C) SPECIFIC CALL FOR ABSTRACTS FOR EACH SPIRIT OF 1848 SESSION

The sessions we are organizing for APHA 2013 (listed in the chronological order in which they will be presented at the APHA meeting) are:

1) SOCIAL HISTORY OF PUBLIC HEALTH SESSION -- APHA 2013

The History Sub-Committee of the Spirit of 1848 Caucus (American Public Health Association) is issuing an open call for abstracts as well as seeking invited abstract proposals for our session titled: “RESOURCE INEQUALITIES & HEALTH INEQUITIES: CONNECTING THE LOCAL AND GLOBAL IN HISTORICAL ANALYSIS, CRITIQUE, AND BEST PRACTICES.” All abstracts are due on Feb 5, 2013.

Given the meeting's theme "Think Local, Act Global: Best Practices Around the World," and the Spirit of 1848’s choice to focus on the connection between global and local in relation to: “The Politics of Global Climate Change: Social Justice, Sustainable Economies & Ecologies, and Health Equity,” The Spirit of 1848 History Sub-Committee seeks papers that will address the local and the global in the context of energy and natural resource inequality and public health challenges from a historical perspective. Topics might include:

  • Redistributive energy and social welfare policy in historical context
  • Politics of measuring environmental and resource inequalities in local, national, and international/transnational contexts.
  • “Scarcity” and “abundance” and the fictions of "beyond oil" and supply-side solutions.
  • Resource use: how societies across the world have dealt equitably and sustainably with natural resource vicissitudes (oil, land, forests, etc.) through  social/indigenous/civil society movements (e.g. movements such as Buen Vivir, etc.)
  • Resource inequality and precarity: Water and water politics across the generations

The session will be held on the Monday morning of APHA (Nov 4, 2013), in the 10:30am to noon time slot. It is being co-organized by Samuel Roberts (email: skroberts@columbia.edu), Anne-Emanuelle Birn (email: ae.birn@utoronto.ca), Sarah Ramírez  (email: sarahmramirez@gmail.com), and Luis Avilés (email: luis.aviles3@upr.edu).


2) POLITICS OF PUBLIC HEALTH DATA SESSION -- APHA 2013

For APHA 2013, our politics of public health data session, titled “THE POLITICS OF PUBLIC HEALTH DATA: GLOBAL CLIMATE CHANGE, PUBLIC HEALTH, AND HEALTH EQUITY” will accept both solicited & unsolicited abstracts (i.e., we have both an open call for abstracts as well as will be seeking invited abstracts). All abstracts are due Feb 5, 2013.

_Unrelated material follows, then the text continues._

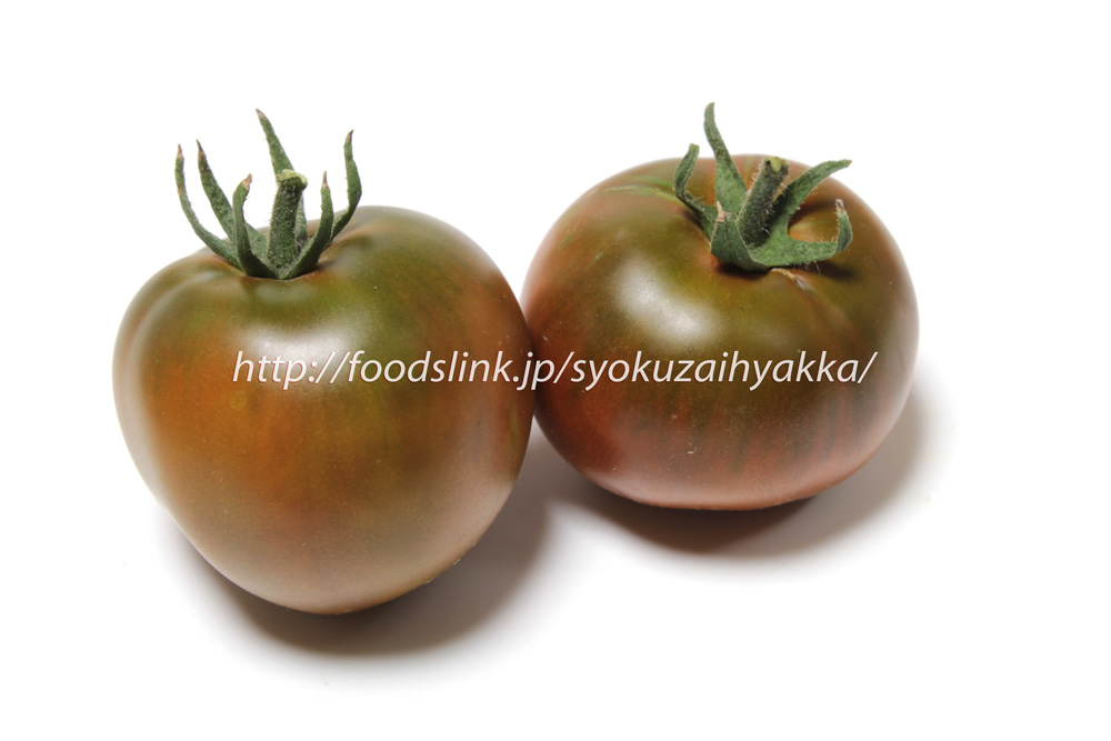 この日に採れた他の品種と並べてみると大きさが分かりやすいかも。大きさは桃太郎など一般的なトマトより少し小ぶりな感じ。手前2個がブラックパールで、左真ん中の同じような色をしているのがパープルロシアン。
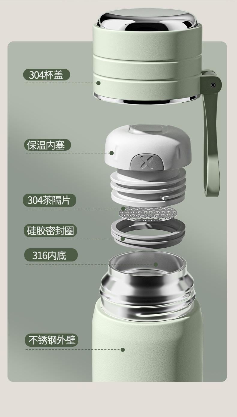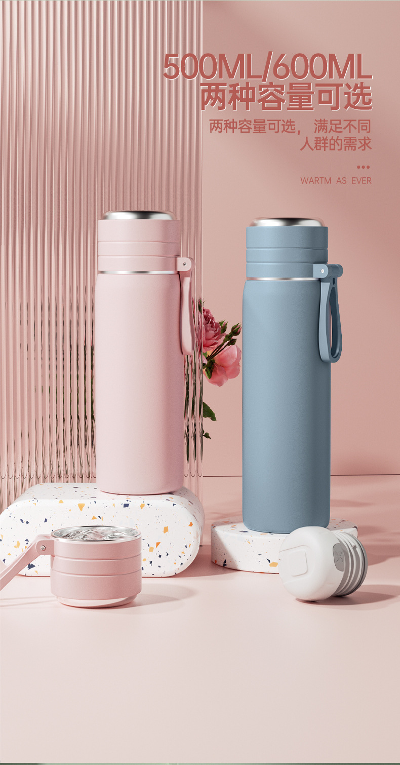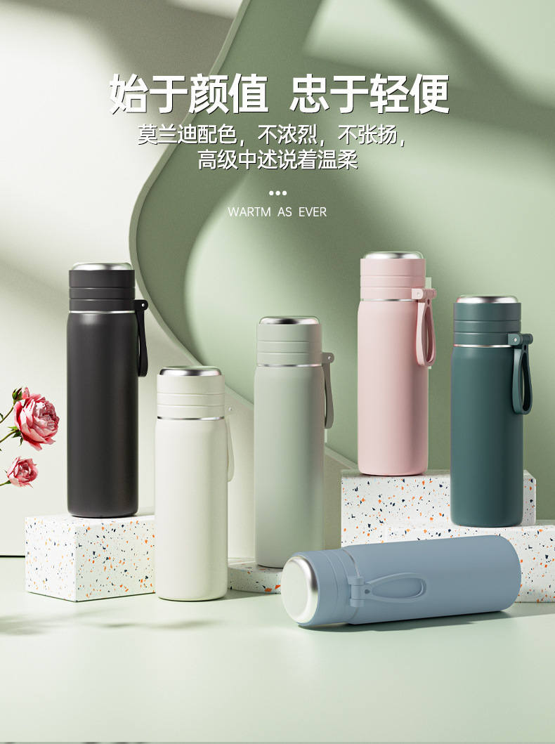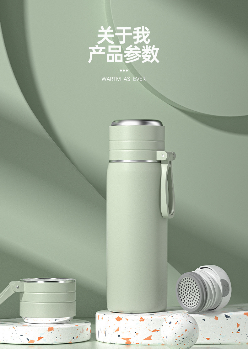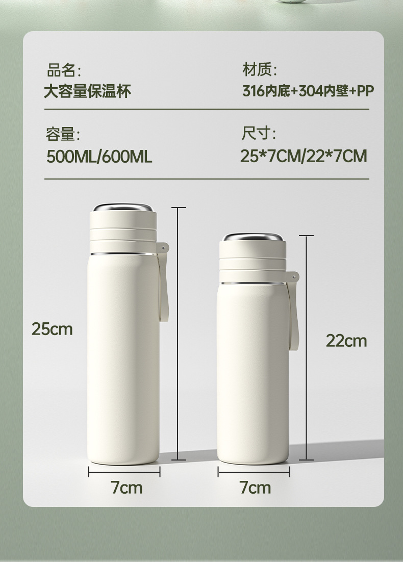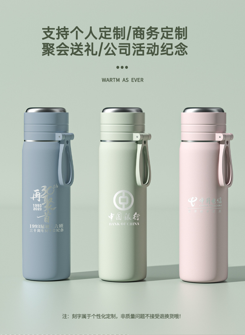 戶外吊帶運動水杯大容量不鏽鋼杯茶水分離泡茶杯高顔值禮品保溫杯

The objective of our session is to spur critical public health thinking and action regarding data and the public health and health equity impacts of global warming, both in the US and elsewhere. Although we recognize that the adverse effects of global climate change on other non-human species (e.g., animals, plants) are critically important and must be addressed in their own right (regardless of their implications for human health), we nevertheless are seeking abstracts that focus on health inequities among people as linked to the politics and realities of global climate change. At issue is how global climate change can affect human health inequities both directly and also indirectly (e.g., by affecting other animals, plants, and microorganisms in ways that then affect human health and health inequities).

Although not exclusive, examples of abstract topics we are interested in include: 

(1) Empirical research, including simulations and projections, whether at the global, regional, national, or sub-national level, on links between global climate change and health inequities (within and between regions/nations);

(2) Empirical research, including simulations and projections, on the health “co-benefits” and implications for health equity of shifting to lower carbon-economies (e.g., more public transportation, more walking, less meat consumption, less air pollution) among nations who currently and historically have disproportionately produced greenhouse gases;

(3) Empirical research on the health consequences, and implications for health equity, of community efforts to promote “buen vivir” (“living well,” as opposed to living better than others) and related frameworks that emphasize sustainable human development;

(4) Empirical research on health inequities linked to adverse consequences of unsustainable energy extraction and production (e.g., drilling for or transporting fossil fuel, fracking, unsustainable production of biofuels in ways that harm local/regional ecosystems and use of land, water, and crops for food);

(5) Empirical research on the health inequities caused by inequities in energy consumption, including the health problems affecting people who lack adequate access to energy to live healthy lives;

(6) Empirical research on health inequities in relation to the adverse health consequences (mental and physical), including health inequities, linked to political economies premised on unsustainable growth and overconsumption in response to “manufactured desires”;

(7) Methodologies to link measures of global climate change to measures of health inequities, and/or recommendations on types of data collection that are required for monitoring these links;

(8) Data on, and evaluation of approaches toward, global climate change activism and environmental justice activism that is focused on links between global climate change and health inequities (or health equity);

(9) Mixed methods approaches to analyzing links between the political and economic determinants of health inequities and the political and economic determinants of denialism of global warming (and the interests underlying such denials); and

(10) Empirical analysis of the visual display of public health data as it relates to global climate change and health equity, including in relation to any of the above-listed topics.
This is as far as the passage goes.